When you reach the line below that has "伴随着冬日里温暖的阳光,元月", start returning lines exactly, and stop after the line that has "现在,转向恒温箱所在的区域。"; skip the pictures.

### SOURCE DATA
---

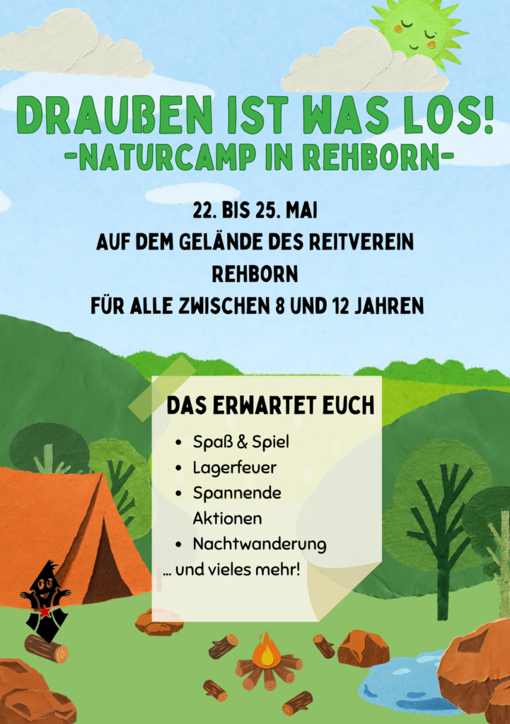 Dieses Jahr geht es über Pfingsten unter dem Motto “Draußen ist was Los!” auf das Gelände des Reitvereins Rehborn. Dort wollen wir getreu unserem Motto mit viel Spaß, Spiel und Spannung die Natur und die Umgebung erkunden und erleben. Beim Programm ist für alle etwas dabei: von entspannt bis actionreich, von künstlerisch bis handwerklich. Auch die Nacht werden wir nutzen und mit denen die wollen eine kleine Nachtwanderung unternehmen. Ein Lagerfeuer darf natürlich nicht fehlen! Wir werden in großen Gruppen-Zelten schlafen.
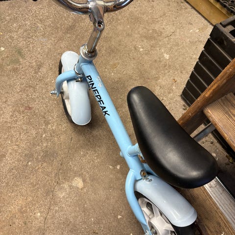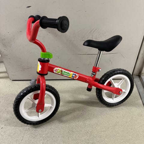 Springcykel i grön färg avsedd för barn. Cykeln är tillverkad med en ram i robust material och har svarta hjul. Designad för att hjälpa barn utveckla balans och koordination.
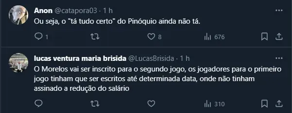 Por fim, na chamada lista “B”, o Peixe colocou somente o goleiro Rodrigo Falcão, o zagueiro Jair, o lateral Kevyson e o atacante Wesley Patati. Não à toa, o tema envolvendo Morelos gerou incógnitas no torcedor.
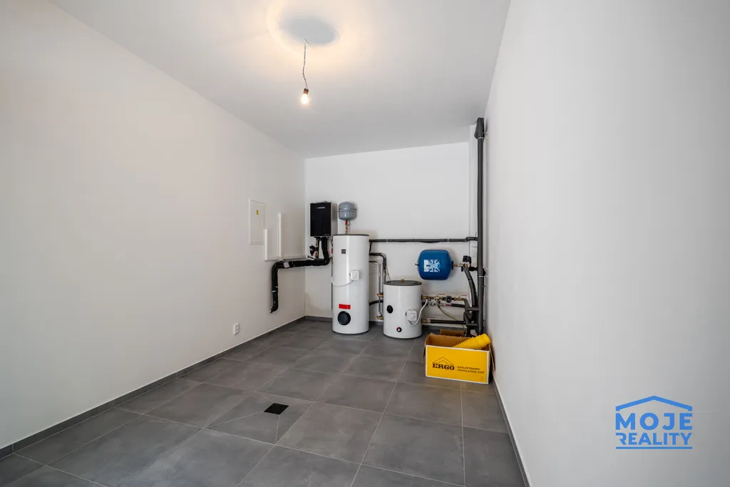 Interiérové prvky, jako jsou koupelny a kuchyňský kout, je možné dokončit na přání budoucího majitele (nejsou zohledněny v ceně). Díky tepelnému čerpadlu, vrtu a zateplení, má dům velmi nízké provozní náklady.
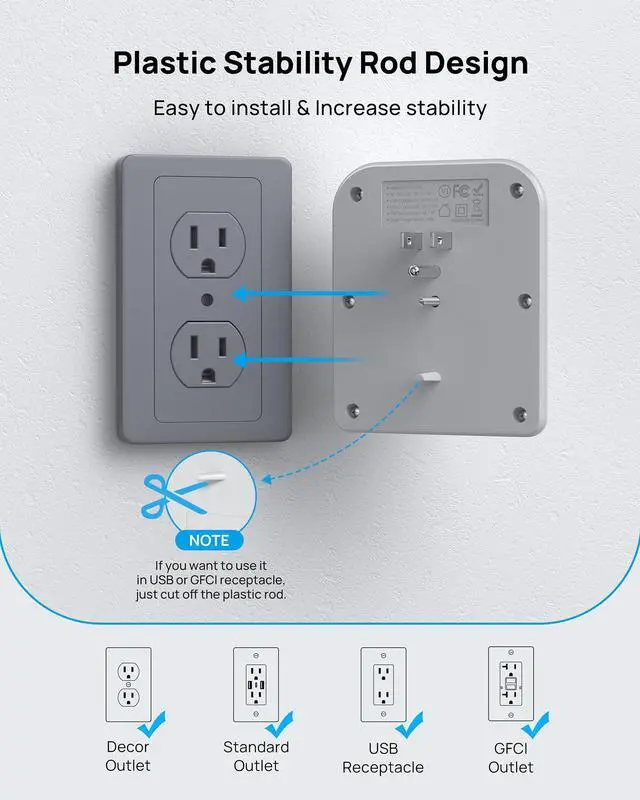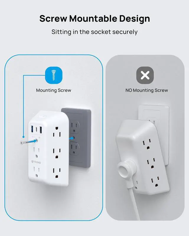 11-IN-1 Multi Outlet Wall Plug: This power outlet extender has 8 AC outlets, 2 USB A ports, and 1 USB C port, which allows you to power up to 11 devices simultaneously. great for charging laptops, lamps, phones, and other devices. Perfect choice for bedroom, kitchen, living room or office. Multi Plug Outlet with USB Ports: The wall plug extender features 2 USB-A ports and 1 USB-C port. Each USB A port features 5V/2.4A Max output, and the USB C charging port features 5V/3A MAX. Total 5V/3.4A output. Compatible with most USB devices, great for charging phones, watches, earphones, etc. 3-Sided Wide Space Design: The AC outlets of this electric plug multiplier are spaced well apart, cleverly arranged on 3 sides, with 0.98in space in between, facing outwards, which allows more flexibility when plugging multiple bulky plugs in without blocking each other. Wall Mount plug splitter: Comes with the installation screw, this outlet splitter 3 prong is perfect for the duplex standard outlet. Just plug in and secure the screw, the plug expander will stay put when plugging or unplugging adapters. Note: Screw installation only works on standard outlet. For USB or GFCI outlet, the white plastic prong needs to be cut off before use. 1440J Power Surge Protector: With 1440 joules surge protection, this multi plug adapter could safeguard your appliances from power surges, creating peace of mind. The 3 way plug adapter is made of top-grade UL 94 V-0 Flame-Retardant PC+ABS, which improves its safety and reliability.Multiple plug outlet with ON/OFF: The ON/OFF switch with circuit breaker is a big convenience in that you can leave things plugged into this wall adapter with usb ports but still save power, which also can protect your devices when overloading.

---

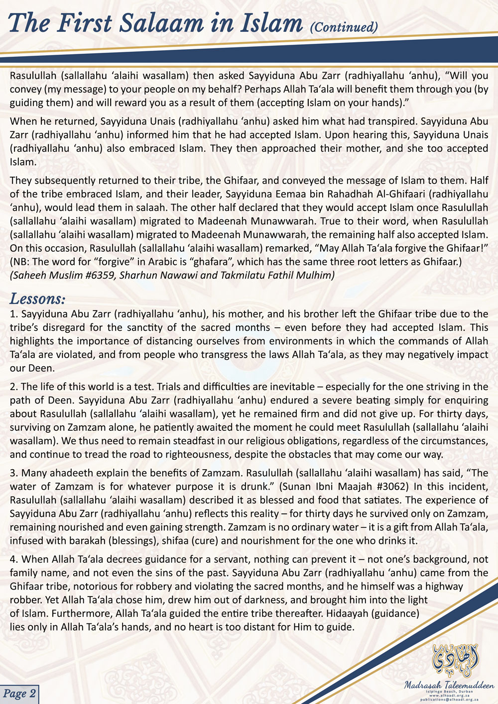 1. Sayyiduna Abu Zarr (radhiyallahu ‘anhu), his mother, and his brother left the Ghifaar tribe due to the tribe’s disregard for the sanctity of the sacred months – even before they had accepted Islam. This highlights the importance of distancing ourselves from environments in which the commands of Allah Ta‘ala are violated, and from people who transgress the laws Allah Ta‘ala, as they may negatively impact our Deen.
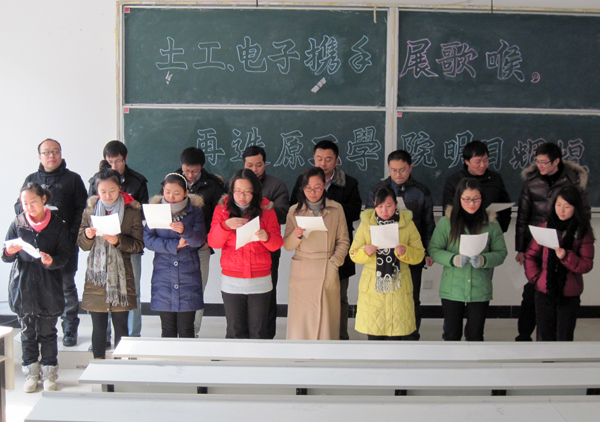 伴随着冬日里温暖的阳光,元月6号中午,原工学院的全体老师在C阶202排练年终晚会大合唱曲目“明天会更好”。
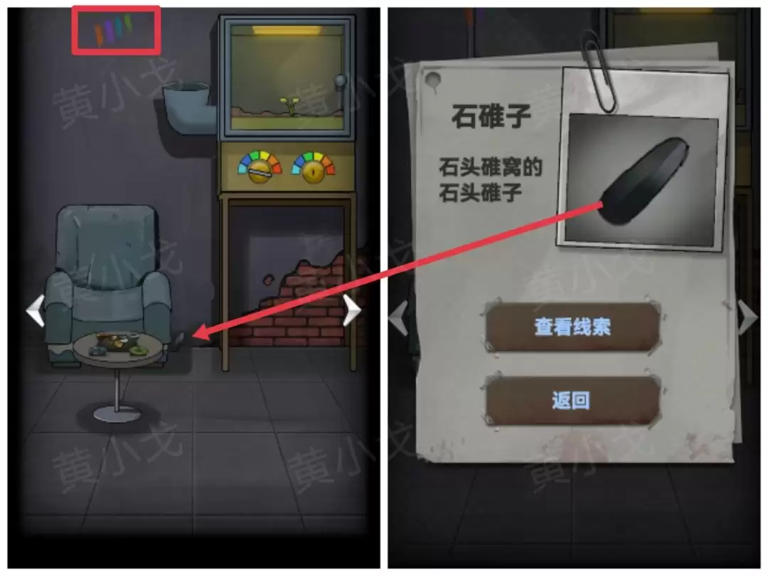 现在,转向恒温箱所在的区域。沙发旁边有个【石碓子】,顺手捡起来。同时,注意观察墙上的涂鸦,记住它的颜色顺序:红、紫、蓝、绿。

---

### EXERCISE RESPONSE
 伴随着冬日里温暖的阳光,元月6号中午,原工学院的全体老师在C阶202排练年终晚会大合唱曲目“明天会更好”。
 现在,转向恒温箱所在的区域。沙发旁边有个【石碓子】,顺手捡起来。同时,注意观察墙上的涂鸦,记住它的颜色顺序:红、紫、蓝、绿。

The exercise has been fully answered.